3. SSH deploy hung on host key prompt

ssh user@host first time prompts Are you sure you want to continue connecting (yes/no)?. CI runners do not have known_hosts entries, so the prompt waits.

How to spot it: Step uses ssh, scp, rsync, or a deploy action like appleboy/ssh-action. Log stops with no output after the SSH connection attempt.

4. Network egress blocked / rate limited mid-deploy

Cloud upload (S3, GCS, Cloudflare R2) can stall if the runner hits an egress throttle or a corporate proxy mid-transfer. The TCP connection doesn’t error — it just sits open with no progress.

How to spot it: Log shows transfer progress for a while, then stops at e.g. “uploaded 47/120 assets” with no error.

5. Step missing timeout-minutes on a workflow with timeout-minutes: 360 job

GitHub Actions jobs default to 360 minutes (6 hours). Without timeout-minutes at the step level, a single hung step eats the whole job budget.

How to spot it: Workflow YAML’s deploy step has no timeout-minutes: key. Job-level default kicks in.

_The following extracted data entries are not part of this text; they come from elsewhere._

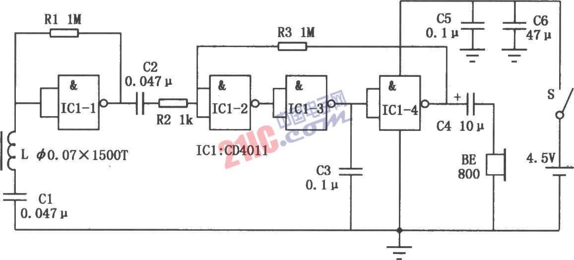 感應(yīng)式無(wú)線耳機(jī)廣泛用于電化教學(xué)、家庭電視和音響的音頻信號(hào)無(wú)線接收,使用時(shí)既可消除耳機(jī)接線帶來(lái)的不便,又可避免對(duì)他人休息、學(xué)習(xí)的干擾。本電路主要由四與非門集成電路CD4011及少量外圍元件組裝而成,電路簡(jiǎn)單、音質(zhì)優(yōu)良、不用調(diào)試、一裝即成。
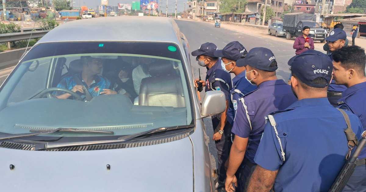 কার্যক্রম নিষিদ্ধ ঘোষিত আওয়ামী লীগ ঘোষিত লকডাউন কর্মসূচিকে কেন্দ্র করে ঢাকার প্রবেশপথ আমিনবাজারে চেকপোস্ট বসিয়ে বিভিন্ন যানবাহনে তল্লাশি চালাচ্ছে পুলিশ।
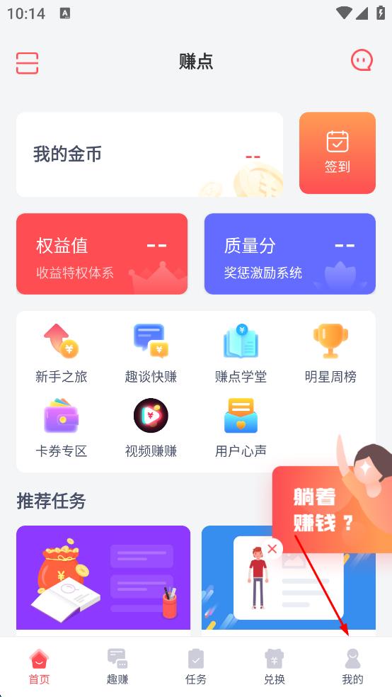 1、进入赚点软件首页,点击右下角我的选项,进入个人页面。
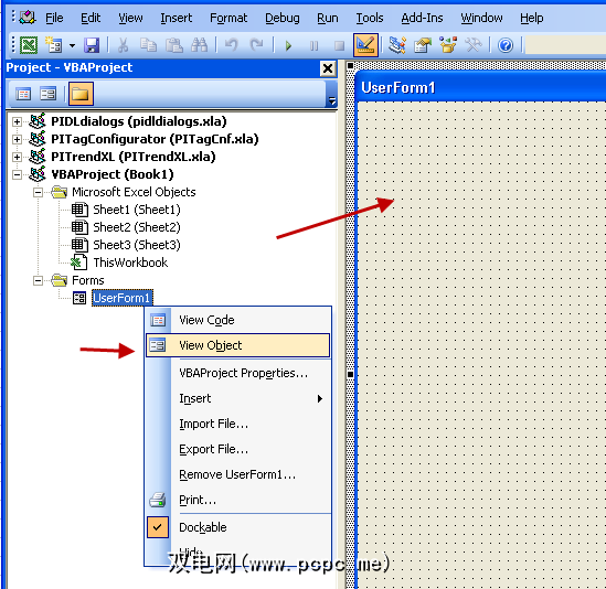 要设计表单,请右键单击“ UserForm1",然后选择“查看对象"。您会在屏幕的右侧看到实际的表单本身。您可以单击表单并拖动边框线以根据需要调整其大小。
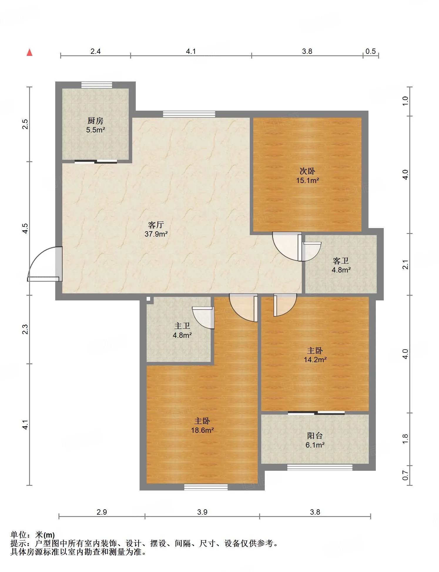 厅室3室2厅2卫1阳台
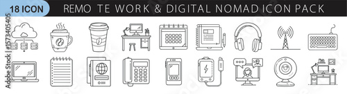 Remote Work Icon Set – Line Style Vector for Freelance, Home Office, and Online Collaboration, team work, stayhome, online work, home office, network.
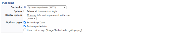 In this section, you can change options about the Watchdoc release application: sort order of the document, tariff information and optional pages.
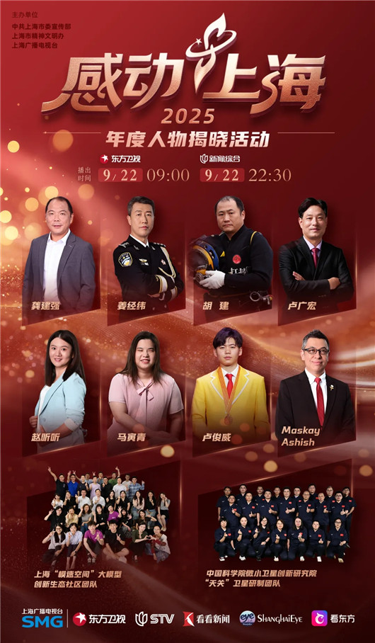 龚建强、姜经纬、胡建、卢广宏、赵听听、马寅青、卢俊威、Maskay Ashish、上海“模速空间”大模型创新生态社区团队、中国科学院微小卫星创新研究院“天关”卫星研制团队等10位先进个人和集体荣获2025“感动上海”年度人物称号。
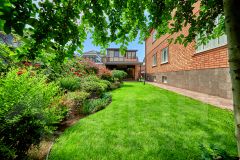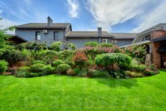На территории — авторский сад с взрослыми деревьями, декоративными растениями и цветами.
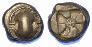 Scudo beotico. R/ Testa barbuta di Dioniso a destra, con indosso una corona di edera. BCD Beozia 438 var. SNG [..]
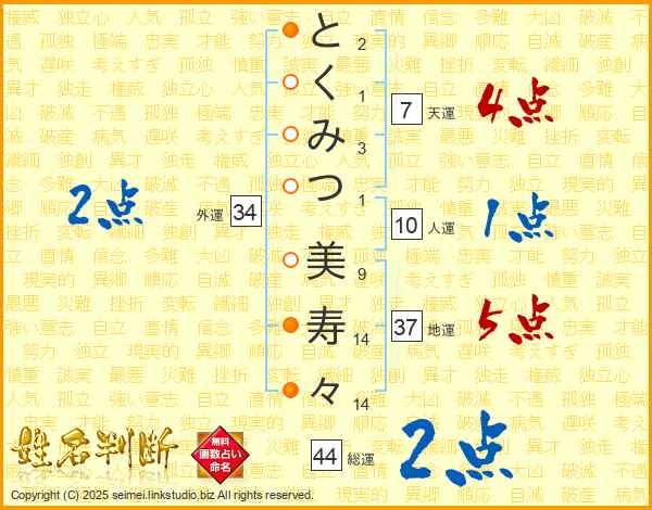 と(2画)く(1画)み(3画)つ(1画) 美(9画)寿(14画)々(14画)
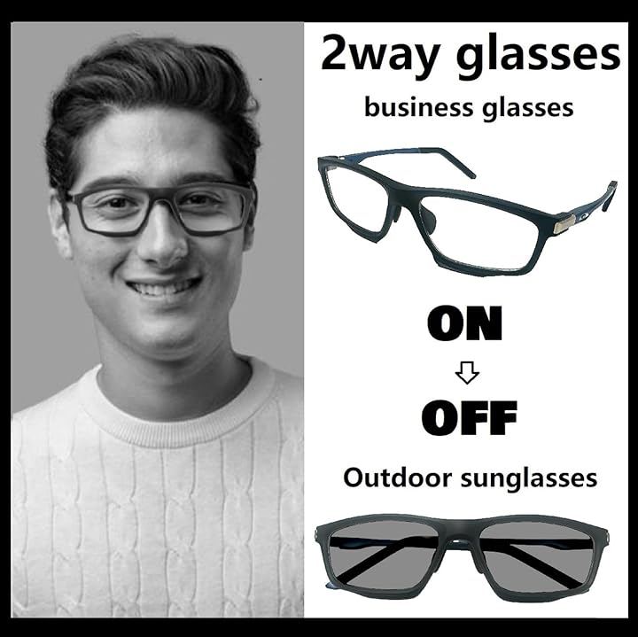 Light-adjustable, color-changing, blue light-blocking glasses for business and PC work, transforming into sunglasses for everyday wear. Lightweight, UV400 protection, aluminum-magnesium arms.

6. Deploy hook fires but target service rejected silently

A webhook-style deploy (Render, Railway, Fly with hook URLs) returns 200 OK to the runner but never starts a build. The poll-for-completion step waits forever for a deploy that never began.

How to spot it: Hook step succeeds. Polling step hangs. Target service dashboard shows no deploy from the expected time.

7. Cache restore hangs on a corrupted blob

actions/cache@v3 restoring a 5 GB build cache can hang if the cache server returns a stuck stream. No error, just no progress.

How to spot it: Step Run actions/cache shows Downloading cache... with no completion line. Newer cache versions are better but still hit this occasionally.

Before you start

  • Capture the workflow YAML for the failing job.
  • Identify which step the hang is on by reading the job log linearly.
  • Note whether this hangs deterministically or intermittently.
  • Have access to the deploy target’s own dashboard to cross-check what actually happened on their side.
  • Confirm runner type (ubuntu-latest, self-hosted, GitHub-hosted larger runner) — egress / DNS behavior differs.

Information to collect

  • The full deploy step’s YAML including with:, env:, and command.
  • Last 50 lines of step log before the timeout.
  • Deploy target’s dashboard log for the same time window (Vercel deployments, Firebase function logs, etc.).
  • Whether the workflow uses any third-party deploy actions and their versions.
  • Whether secrets and environment vars expected by the deploy CLI are actually set in the workflow.
  • Output of gh run view <run-id> --log for cleaner log scraping than the web UI.

Step-by-step fix

Ordered: stop the bleeding first, then fix the underlying cause.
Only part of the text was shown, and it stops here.